● Directions: Set down the data below in full and exactly, minus the pictures.

┄┄┄┄┄┄┄┄┄┄┄┄┄┄┄┄┄┄┄┄

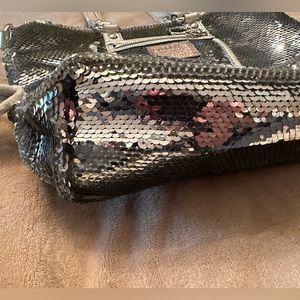 Taken care of, hardly used, no spots in the inside it’s just reflection of the shiny sequins. Close up of inside with the coach label shows no spots. can provide more info and pics upon request.
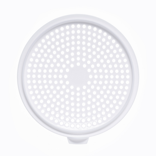 Roosterinzet van het voormalige product Cheesmart Junior. Goed om te weten: Bij dit product kan de filterinzet van het deksel worden gescheiden, bij de huidige Cheesmart Junior de filterinzet stevig in het deksel is geïntegreerd.
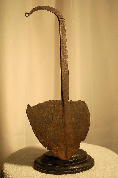 This is an especially nice piece. Classified as blade currency or sometimes listed among the Throwing Knives, these specimens have also been referred to as a "stingray" hoe, presumably because of its shape.
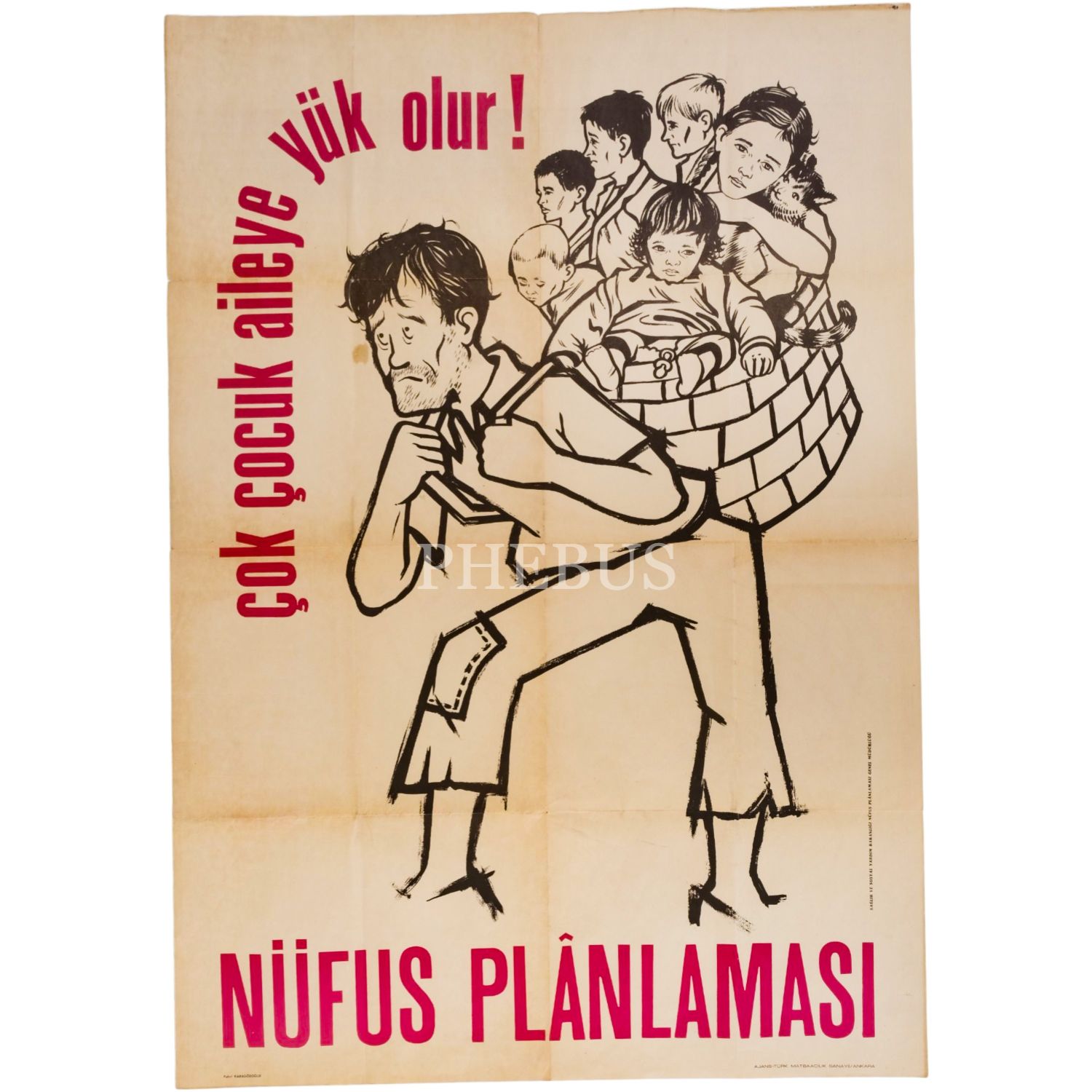 Fahri Karagözoğlu tasarımıyla, Sağlık ve Sosyal Yardım Bakanlığı Nüfus Plânlaması Genel Müdürlüğü tarafından yayımlanan, "Nüfus Plânlaması" başlıklı ve "Çok çocuk aileye yük olur!" sloganlı afiş, Ajans-Türk Matbaacılık Sanayii - Ankara, 69,5x99,5 cm...
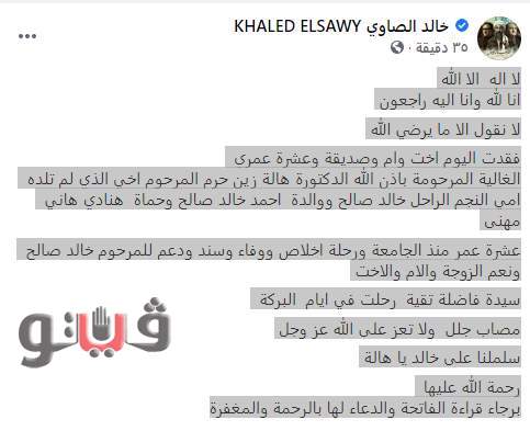 وأضاف: "رحلت في أيام البركة.. مصاب جلل ولا تعز على الله عز وجل.. سلملنا على خالد يا هالة برجاء قراءة الفاتحة والدعاء لها بالرحمة والمغفرة".
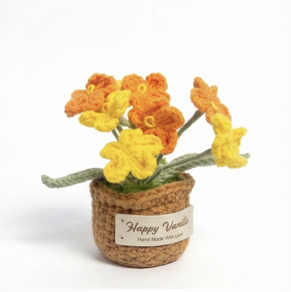 Each flower is meticulously crafted with attention to detail, from the carefully shaped petals to the naturally posed leaves, encapsulated in durable crochet pots.
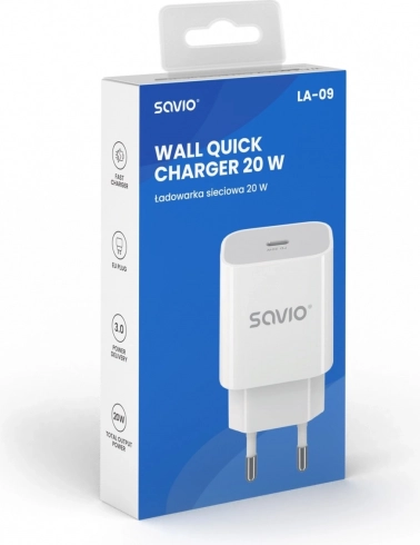 De compacte en krachtige Savio-adapter biedt snel en veilig opladen voor een breed scala aan apparaten dankzij ondersteuning voor Power Delivery 3.0 en Quick Charge met een maximaal vermogen van 20 W.
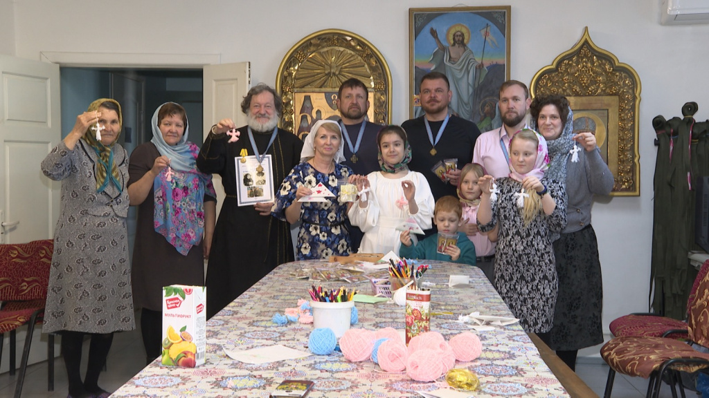 Православно-патриотическая песня в исполнении поэта и барда Владимира Никитина сразу настроила собравшихся на торжественный лад. За столом дети из воскресной школы, члены православного клуба имени преподобного Сергия Радонежского. А также гости из регионального фонда "Защитники Отечества" и члены Императорского Православного Палестинского общества. Они тоже участники акции "Ангелы для бойцов". Начало благому делу положили дети, которые начали мастерить ангелов из белоснежной пряжи с золотыми крыльями.
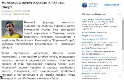 Агент украинского нападающего Артема Милевского Александр Панков в Іnstagram прокомментировал информацию относительно возможного трансфера футболиста в клуб первой лиги Украины – "Горняк-Спорт".
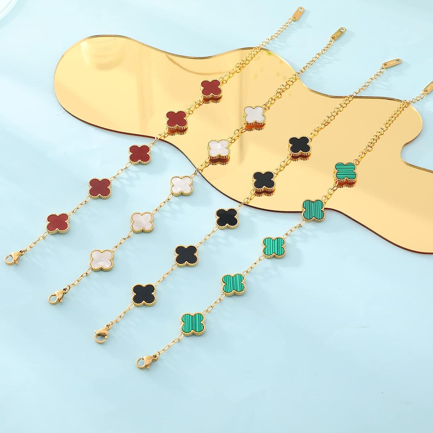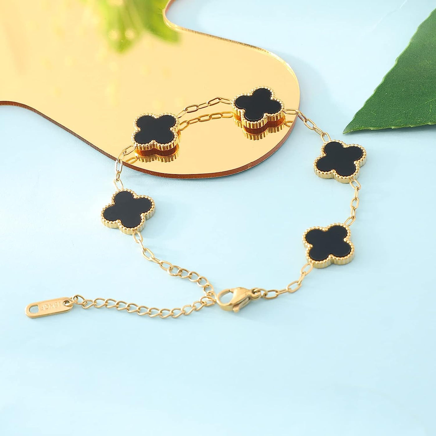 Fashion Chain Bracelets for Women Girls,18K Gold Lucky Adjustable Clover Link Bracelets Valentine'S Day Christmas Gift Jewelry - Stainless Steel / Gold-Black
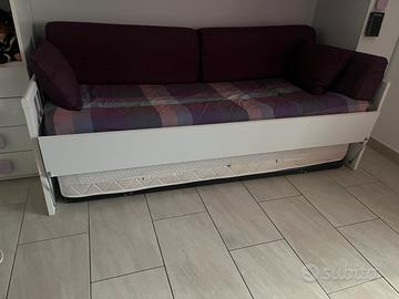 Letto salvaspazio per camerette e armadi ponte , compreso di rete e doghe e materassi e secondo letto a scomparsa . Ottime condizioni , prezzo 150 euro. Misure 90cm x 2 metri
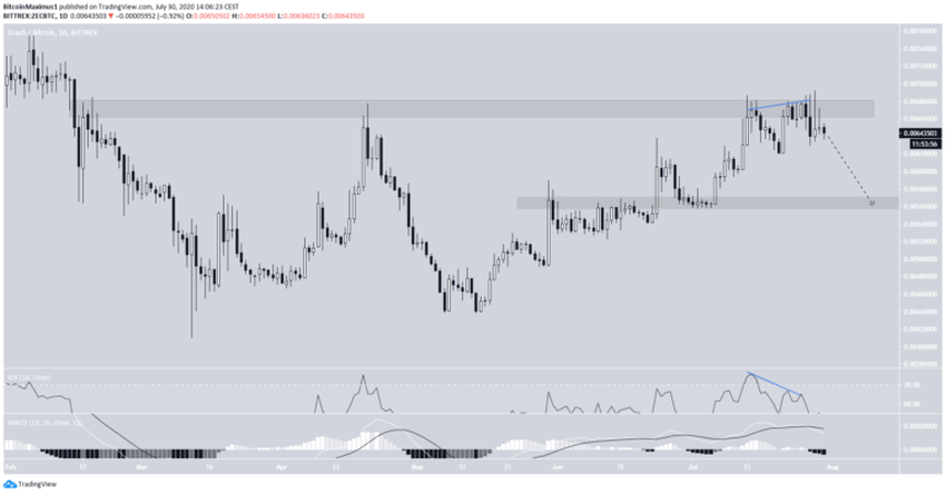 Para ZEC/BTC przedstawia znacznie bardziej niedźwiedzią perspektywę w porównaniu z jej odpowiednikiem w USD. Cena została odrzucona przez obszar oporu na 0,00675 satoshi, tworząc kilka długich górnych knotów oraz formację podwójnego szczytu.
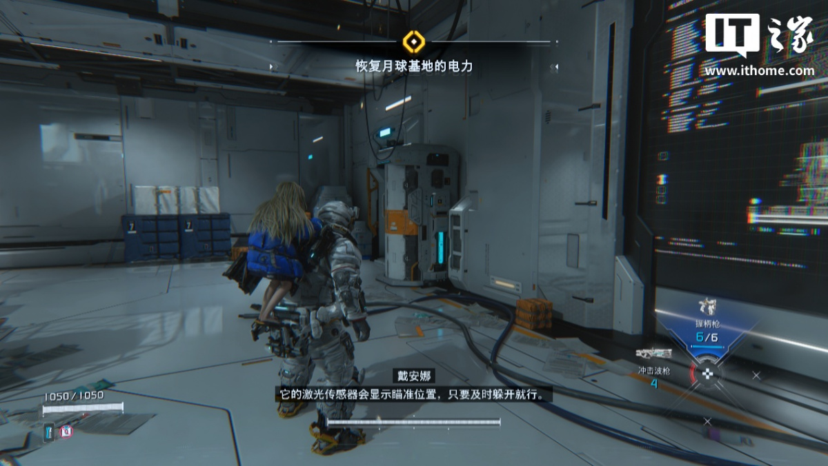 然后,戴安娜拥有很多人格化魅力,比如待机时趴在主角背上搞小动作,在空间站自顾自跑跑跳跳、到处张望,还会和主角聊天。

┄┄┄┄┄┄┄┄┄┄┄┄┄┄┄┄┄┄┄┄

● Answer for this exercise:
 Taken care of, hardly used, no spots in the inside it’s just reflection of the shiny sequins. Close up of inside with the coach label shows no spots. can provide more info and pics upon request.
 Roosterinzet van het voormalige product Cheesmart Junior. Goed om te weten: Bij dit product kan de filterinzet van het deksel worden gescheiden, bij de huidige Cheesmart Junior de filterinzet stevig in het deksel is geïntegreerd.
 This is an especially nice piece. Classified as blade currency or sometimes listed among the Throwing Knives, these specimens have also been referred to as a "stingray" hoe, presumably because of its shape.
 Fahri Karagözoğlu tasarımıyla, Sağlık ve Sosyal Yardım Bakanlığı Nüfus Plânlaması Genel Müdürlüğü tarafından yayımlanan, "Nüfus Plânlaması" başlıklı ve "Çok çocuk aileye yük olur!" sloganlı afiş, Ajans-Türk Matbaacılık Sanayii - Ankara, 69,5x99,5 cm...
 وأضاف: "رحلت في أيام البركة.. مصاب جلل ولا تعز على الله عز وجل.. سلملنا على خالد يا هالة برجاء قراءة الفاتحة والدعاء لها بالرحمة والمغفرة".
 Each flower is meticulously crafted with attention to detail, from the carefully shaped petals to the naturally posed leaves, encapsulated in durable crochet pots.
 De compacte en krachtige Savio-adapter biedt snel en veilig opladen voor een breed scala aan apparaten dankzij ondersteuning voor Power Delivery 3.0 en Quick Charge met een maximaal vermogen van 20 W.
 Православно-патриотическая песня в исполнении поэта и барда Владимира Никитина сразу настроила собравшихся на торжественный лад. За столом дети из воскресной школы, члены православного клуба имени преподобного Сергия Радонежского. А также гости из регионального фонда "Защитники Отечества" и члены Императорского Православного Палестинского общества. Они тоже участники акции "Ангелы для бойцов". Начало благому делу положили дети, которые начали мастерить ангелов из белоснежной пряжи с золотыми крыльями.
 Агент украинского нападающего Артема Милевского Александр Панков в Іnstagram прокомментировал информацию относительно возможного трансфера футболиста в клуб первой лиги Украины – "Горняк-Спорт".
 Fashion Chain Bracelets for Women Girls,18K Gold Lucky Adjustable Clover Link Bracelets Valentine'S Day Christmas Gift Jewelry - Stainless Steel / Gold-Black
 Letto salvaspazio per camerette e armadi ponte , compreso di rete e doghe e materassi e secondo letto a scomparsa . Ottime condizioni , prezzo 150 euro. Misure 90cm x 2 metri
 Para ZEC/BTC przedstawia znacznie bardziej niedźwiedzią perspektywę w porównaniu z jej odpowiednikiem w USD. Cena została odrzucona przez obszar oporu na 0,00675 satoshi, tworząc kilka długich górnych knotów oraz formację podwójnego szczytu.
 然后,戴安娜拥有很多人格化魅力,比如待机时趴在主角背上搞小动作,在空间站自顾自跑跑跳跳、到处张望,还会和主角聊天。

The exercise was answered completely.